Importantly, the hotel is not required to be FSC-certified itself to make this claim — only the manufacturer in the supply chain needs CoC certification. The FSC logo may only be used by organisations with their own FSC CoC certification, but the factual claim about FSC-certified sourcing can be made by the hotel purchaser without its own certification.
This distinction matters for SSL, Green Globe, and EarthCheck assessments, where auditors accept FSC-certified purchasing as evidence of responsible timber sourcing based on supplier documentation rather than requiring the hotel itself to hold FSC certification.
Verifying a Supplier's FSC Certificate
The FSC public certificate database (info.fsc.org) allows anyone to search for active FSC certificates by company name or certificate code. When evaluating an eco-keycard supplier's FSC claim, hotels should:
Request the supplier's FSC CoC certificate number. Search info.fsc.org for the certificate and verify it is active (not expired or suspended). Confirm the scope of the certificate includes the relevant product category (wood cards, laminated wood products, or similar). Request that purchase invoices reference the FSC certificate number — this creates the audit trail needed for sustainability reporting.
A supplier unwilling or unable to provide a verifiable FSC certificate number should not be accepted as FSC-certified, regardless of marketing claims.
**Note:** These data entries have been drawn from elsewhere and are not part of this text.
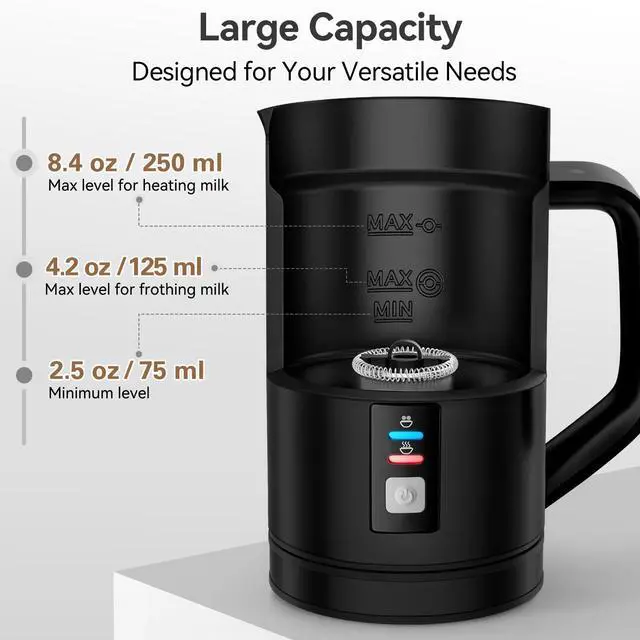 The indicator light can help you easily identify the difference between heating and foaming and foaming without heating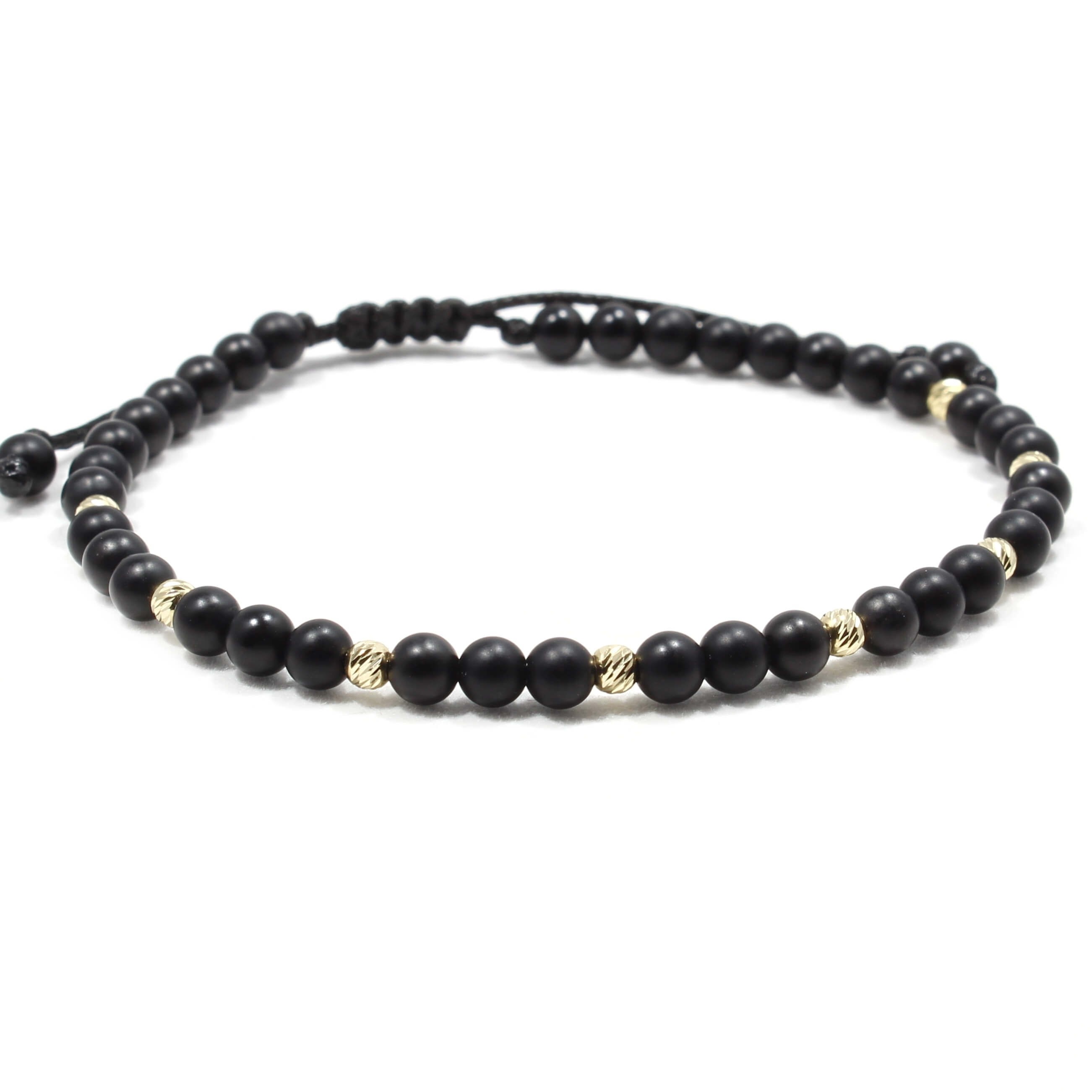 Pietre: Agate 4mm.Detalii: Greutatea totala a elementelor din aur este 0.48 gr. Aurul folosit la accesoriile Tios este verificat de catre organele abilitate, astfel acesta corespunde in proportie de 98% din punct de vedere al karatajului si al gramajului. Culori: Negru, auriu.Mărimi: Marimea bratarilor este ajustabila, dar pentru o buna potrivire si un aspect placut se recomanda alegerea marimii in functie de incheietura fiecaruia. Marimea selectata trebuie sa reprezinte circumferinta exacta a incheieturii! Ea poate fi masurata cu un metru de croitorie sau cu o ata si un liniar.Garanție: Bratarile Tios, care contin metale pretioase beneficiaza de service gratuit 24 de luni. (vezi pagina Garantia Tios)Livrare: Bratarile se realizeaza manual in atelierul propriu, ulterior comenzii, necesitand un minim 24 ore si 72 ore pentru realizarea si expedierea acestora.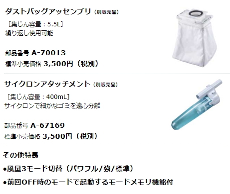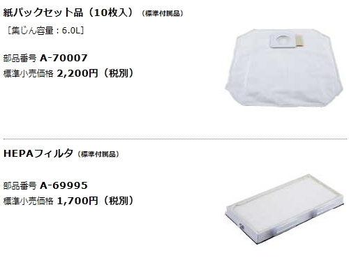 [集じん容量:6.0L]部品番号 A-70007 標準小売価格 2,200円(税別)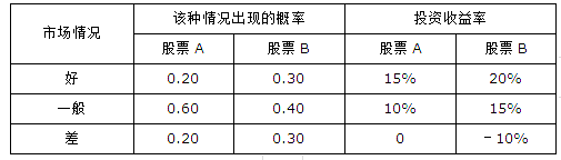 已知A、B两个股票的投资收益率及其概率分布情况如下表所示:

FSC vs Other Wood Certification Standards
The Programme for the Endorsement of Forest Certification (PEFC) is the other major international forest certification system, frequently used in European and Nordic timber supply chains. PEFC and FSC certifications are not mutually transferable but represent equivalent independent verification of sustainable forest management. Products certified under PEFC-endorsed national standards carry equivalent claim strength to FSC certification.
For the Indian Ocean hospitality market, FSC certification is more widely recognised among international tour operators, travel journalists, and the guest demographic that luxury Seychelles and Maldives properties serve — making it the preferred certification standard for eco-keycard procurement in this context.